Im Hintergrund der Gemischtwarenladen von Gottlob und Luise Common, die sich zum Familienfoto in Position gebracht hatten. Neben ihnen Frida Stickel und Lore, die jetzt 92-Jährige, als Mädchen. Es war das elterliche Haus.
Sie rief Stadtrat Günter Bächle an, der seit Monaten auf der Suche nach einem solchen Foto mit der ersten Tankstelle von Lienzingen war, nachdem er die Geschichte der Zapfsäulen in dem Dorf recherchiert und für seinen Blog aufgearbeitet hatte.
"Eine große Rarität", freuten sich er und Stadtarchivarin Marlis Lippik, die das kostbare Stück Ortsgeschichte ihrem Bildfundus hinzugefügt hat.
Abbrucharbeiten müssen eingestellt werden
Albert Schnabel betrieb von 1927 bis 1929 in dem um 1900 errichteten Haus die Poststelle und den Gemischtwarenhandel. Er war es, der 1928 vor dem Gebäude die erste Tankstelle in Lienzingen errichtet hatte. Als Schnabel 1929 verkaufte, übernahm die Familie Common den Laden und die Postagentur, zuerst Gottlob Common und dann bis zu ihrem Tod 1966 Frida Stickel, geborene Common.
Die Mitte voriger Woche begonnenen Abbrucharbeiten mussten auf Anordnung des amtlichen Denkmalschutzes eingestellt werden, weil die Genehmigung durchs Regierungspräsidium fehlte, so Günter Bächle in einer Mitteilung der CDU-Gemeinderatsfraktion.
Das Regierungspräsidium Karlsruhe informierte: Da das Gebäude im Geltungsbereich der Gesamtanlage "Etterdorf Lienzingen" liege, bedürften Veränderungen der Genehmigung durch die untere Denkmalschutzbehörde bei der Stadt Mühlacker. Bei diesem Verfahren sei dann das Landesamt für Denkmalpflege im Regierungspräsidium (RP) Stuttgart zu beteiligen. Worauf Bächle im Rathaus nachfragte, ob das so beschriebene Verfahren abgeschlossen sei.
Grundstück soll wieder bebaut werden
Ergebnis: Die Antragstellung der Stadt beim RP erfolgte am 24. Januar, die Abbrucharbeiten begannen schon zwei Arbeitstage zuvor. Der zu späte Antrag beruhe, ist der Stadtrat überzeugt, möglicherweise auf Unkenntnis. Nun müssten die Abbrucharbeiten für einige Tage ruhen. Das Landesamt für Denkmalschutz habe signalisiert, dass gegen den Abbruch keine Bedenken bestehen.
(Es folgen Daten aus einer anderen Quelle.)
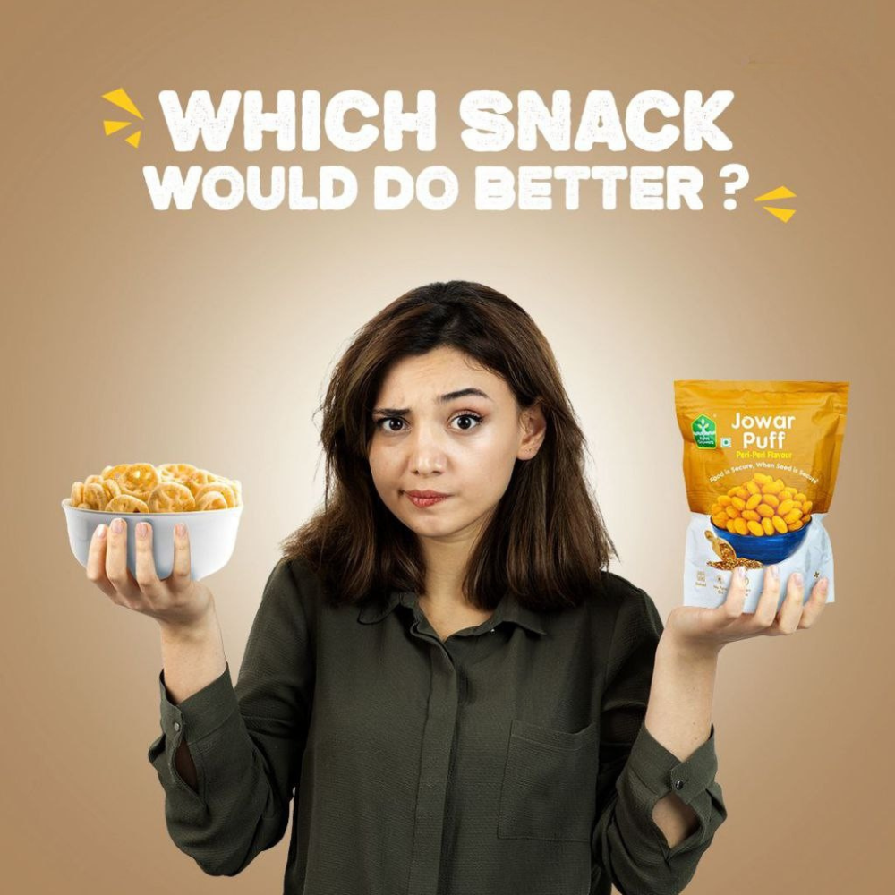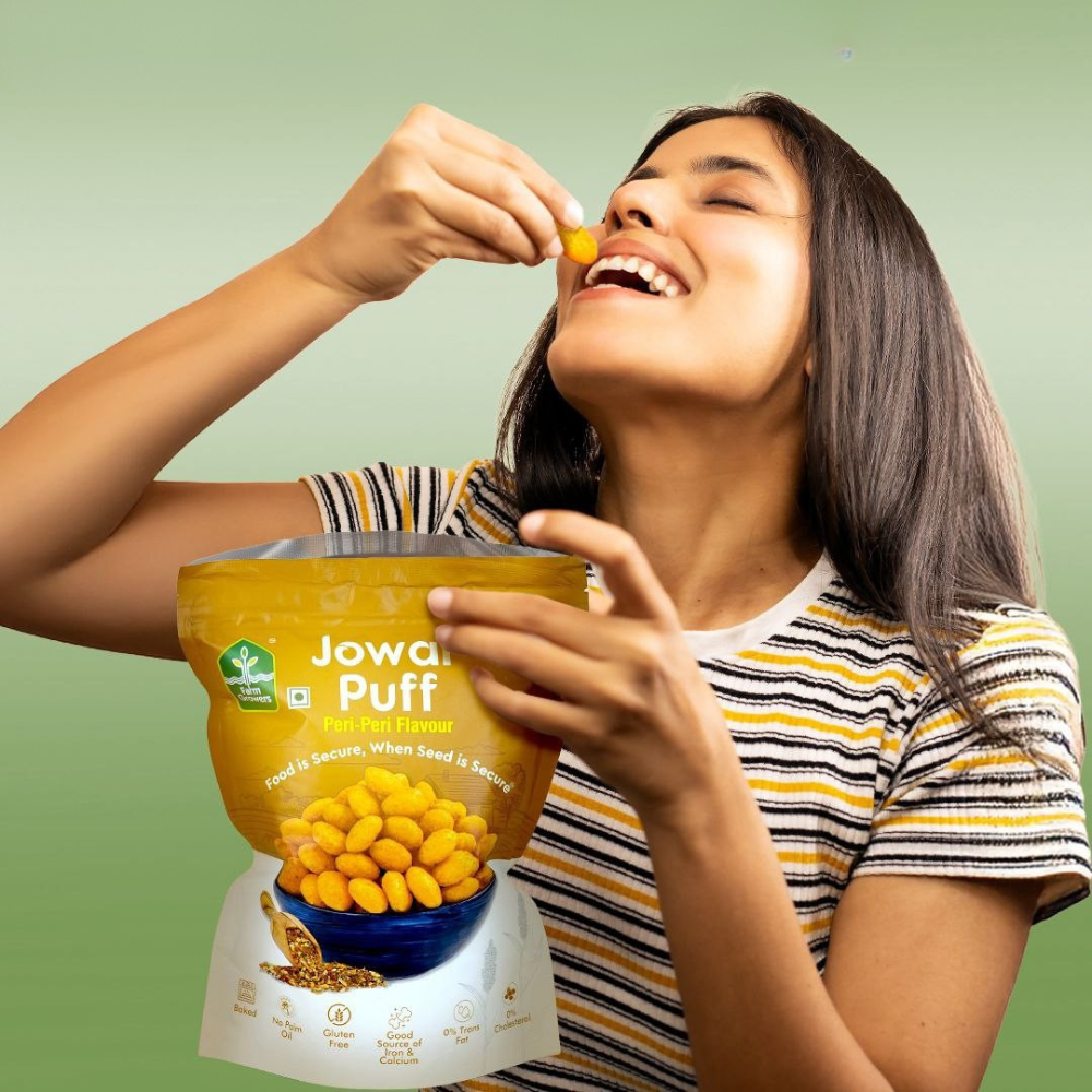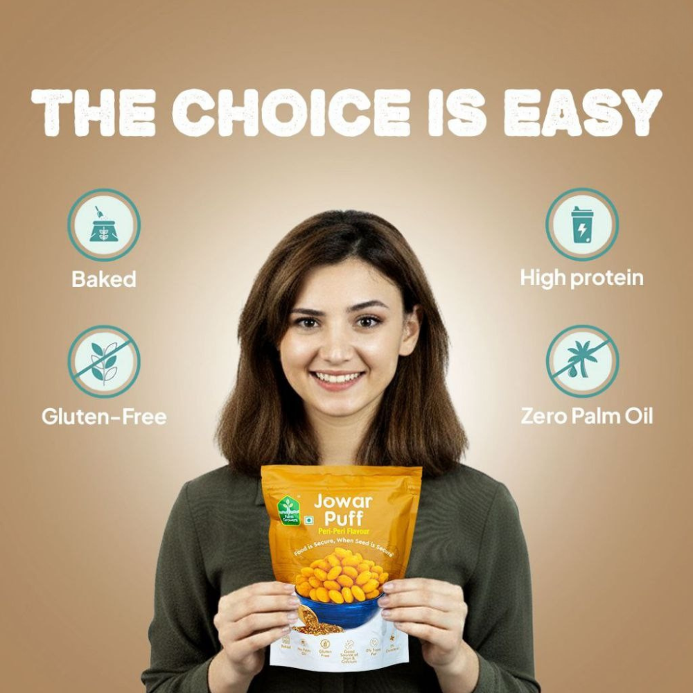 A crunchy, guilt-free snack made from nutritious jowar (sorghum) and blended with a zesty peri peri seasoning. Perfect for munching anytime, these puffs come in a handy 40g pack.

Eine Auflage soll dafür sorgen, dass das Grundstück innerhalb der nächsten drei Jahre wieder bebaut wird – in Absprache mit dem Denkmalamt. Bächle erinnert daran, dass es Überlegungen gegeben habe, die historische Fassade zu erhalten, die aber nicht weiter verfolgt wurden.
Diese Vorgeschichte darzustellen sei wichtig, da in Lienzingen jetzt kritisch gefragt werde, ob die Stadt leichter abreißen könne als Private, so Bächle. Deshalb sei es gut, dass das Landesdenkmalamt nun seine Hand drauf habe.